PF: A Late Response to the Challenge

Once again I want to send a huge thank you to Mary Lee for stepping in with little notice when I had to withdraw from my PF hostess duties two weeks ago. It sounds like word got around, and everyone managed to find their way to the correct site. Poets are so smart! 🙂

Unfortunately, I do have a good excuse for my unexpected absence, as I was unexpectedly sidelined by an emergency eye surgery. (I wrote a little bit about it in this week’s Slice of Life.) This meant, in addition to missing more than a week of work, I missed the opportunity to participate in the Inklings challenge from Linda Mitchell on that date as well. Now that I’m on a path to recovery (and able to read again!), I’m sharing my response.

First, a little context: Linda invited us to explore Whitney Hanson’s poetry. Hanson shares her work on TikTok and is known for sharing poems that “begin with, “in poetry we say…” In these poems, Hanson takes a common phrase we know in English and translates it poetically.” Linda went on to say, “I see an invitation to write in a few ways:

  1. Find a poem that you love to show how poetry translates English in a new way
    Or,
  2. Write poetry in a way that responds to the phrase, “in poetry we say…”
  3. Go rogue and respond to Hanson’s poetry in any way that makes you happy”

I chose door number two. As someone who is perpetually title-challenged, I’ll admit the fact that the structure of the poem essentially provides its own title is a huge plus to me. Unfortunately, now I’m not sure how to write a dedication line when there is no title.
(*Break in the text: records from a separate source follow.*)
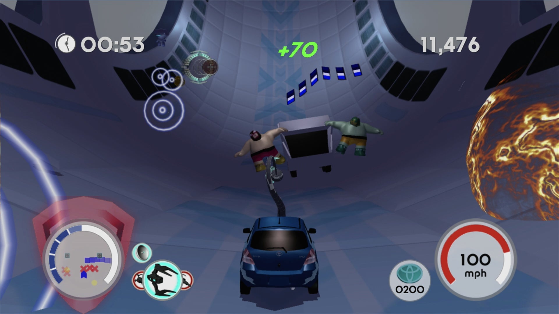 But anyway, that’s enough history, let’s get back to Yaris. For some inexplicable reason, Toyota decided to fund the creation of Yaris, a game that was to be released on the XBLA as a free-to-download promotional tie-in for that line of vehicles. I say inexplicable because I’m not exactly sure who this game was even aimed at. What potential purchaser of a car would be persuaded to buy a Yaris, over all others, by a free downloadable video game? Let alone one that didn’t even demonstrate what was good about the Yaris to begin with like, say, its excellent reliability or superb fuel economy.
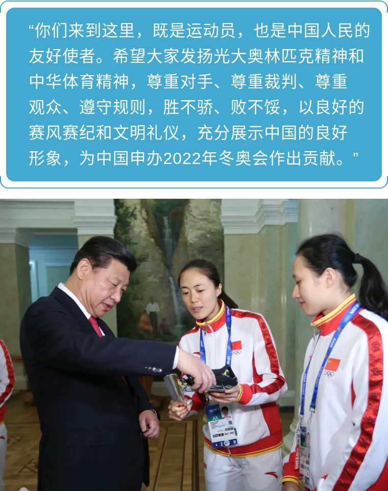 ↑2014年2月7日,中共中央總書記、國家主席、中央軍委主席習近平在俄羅斯索契親切看望參加第二十二屆冬季奧林匹克運動會的中國體育代表團。這是運動員向習近平介紹冰雪運動器材。新華社記者 蘭紅光 攝
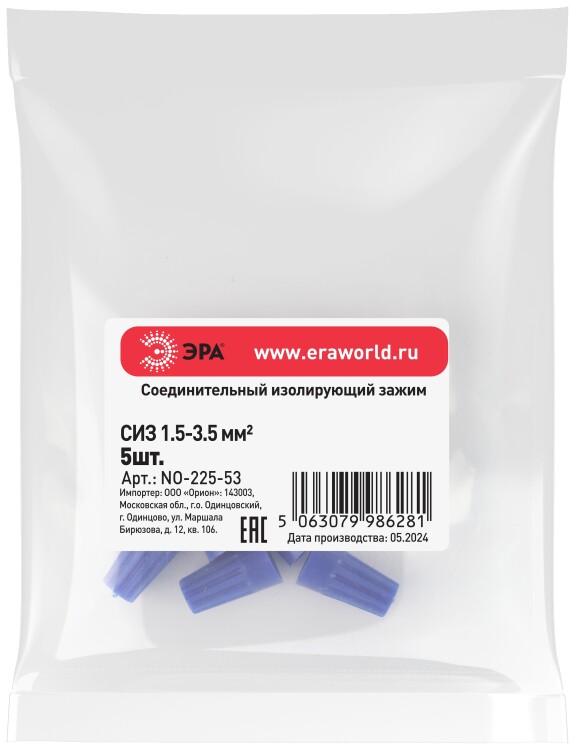 Соединительный изолирующий зажим ЭРА NO-225-53 СИЗ-2 (1,5-3,5 мм2) синий (упак. 5 шт.)
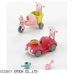 赤ちゃん用のカーゴ付き三輪車とくるまに、小物がついたセットだよ♪
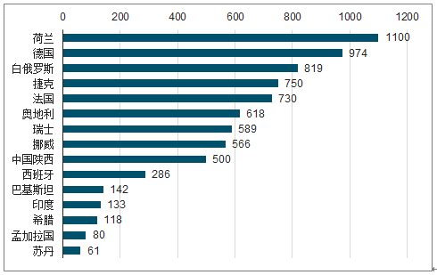 平均单产最高的 泌乳羊多来自 欧洲 国家,包括荷兰、德国、白俄罗斯、捷克、法国等,羊奶单产量可以达到 700kg/只/年以上水平,原因是欧洲泌乳羊品种优良、持续优化,并且饲养管理水平高。从总产量来看,欧洲的前三大羊奶产国分别为法国、西班牙、希腊。亚洲主要的山羊集中在印度、孟加拉,但泌乳羊品种有所退化、管理粗放,单产量明显低于欧洲国家。中国较为优质的奶山羊主要集中在陕西,随着科学化养殖水平逐步提升,2018 年陕西奶山羊平均单产量提升到500kg/只/年水平。
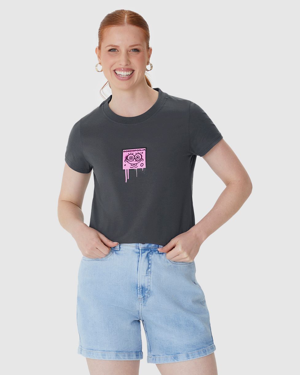 Camiseta Feminina Baby Look Estampa Bob Esponja Em Algodão
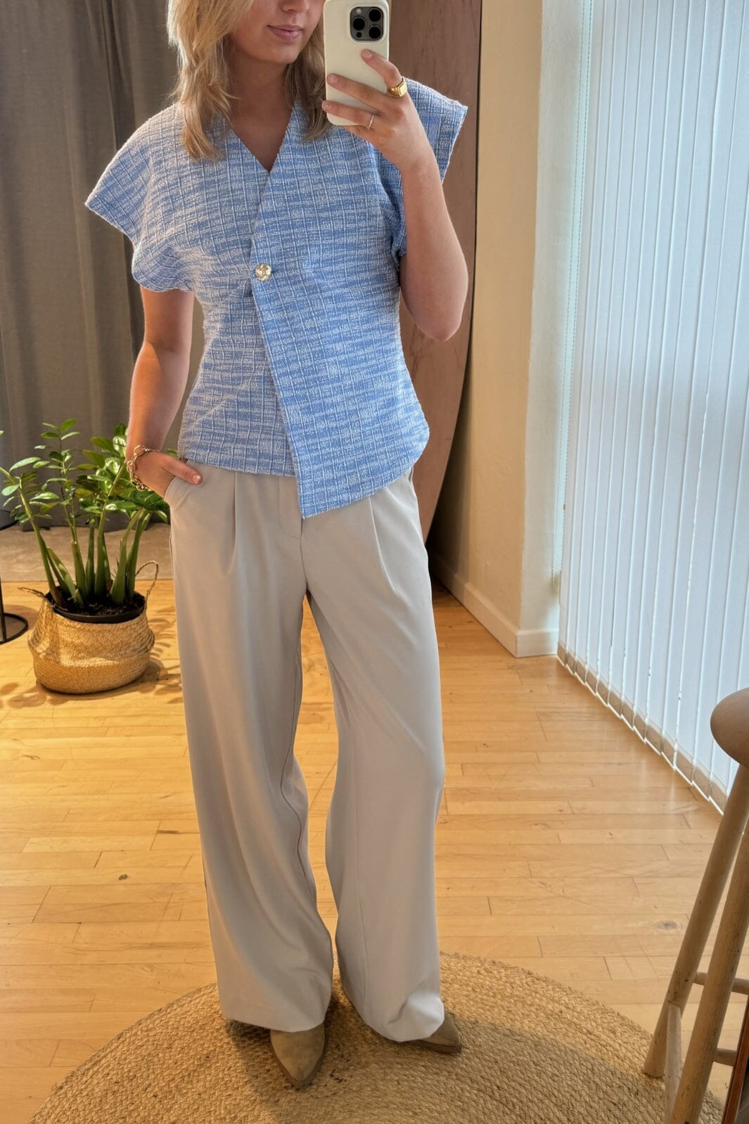 Het materiaal van een vest bepaalt hoe het draagt en valt. Zachte stoffen voelen prettig aan op de huid, terwijl stevigere materialen mooi hun vorm behouden. De stofkeuze heeft invloed op zowel het draagcomfort als de uitstraling van je outfit.

There’s definitely some irony there! Anyway, here’s my better-late-than-never response, written for my husband.

In English we say
you were there

In poetry we say
when all seems dark
it’s you I seek
your voice like a lifeline
at the other end of the phone
your hand an anchor
in the swirling storm

©Molly Hogan

If you’re interested in reading what the other Inklings did with this challenge, click below!
Mary Lee Hahn @ Another Year of Reading
Heidi @my juicy little universe
Margaret @Reflections on the Teche
Linda @A Word Edgewise
Catherine @Reading to the Core

This week Ramona has the PF Roundup at her blog.

PF: Double Dactyl

I went off script with a double dactyl prompt today and veered into politics. Sadly, it’s never far from mind. Happily, double dactyls are a fun challenge. (If you’re interested in learning about the parameters of the form, you can click here.)

Vomitous gromitous
President Donald Trump
thrives on autocracy,
bombast and lies.

Resist, Americans!
He is the ultimate
anticoagulant–
bleeding us dry!

©Molly Hogan

This week’s Poetry Friday Roundup is hosted by Heidi Mordhorst at her blog, My Juicy Little Universe. In addition to hosting, she’ll be adding her line to this year’s Progressive Poem.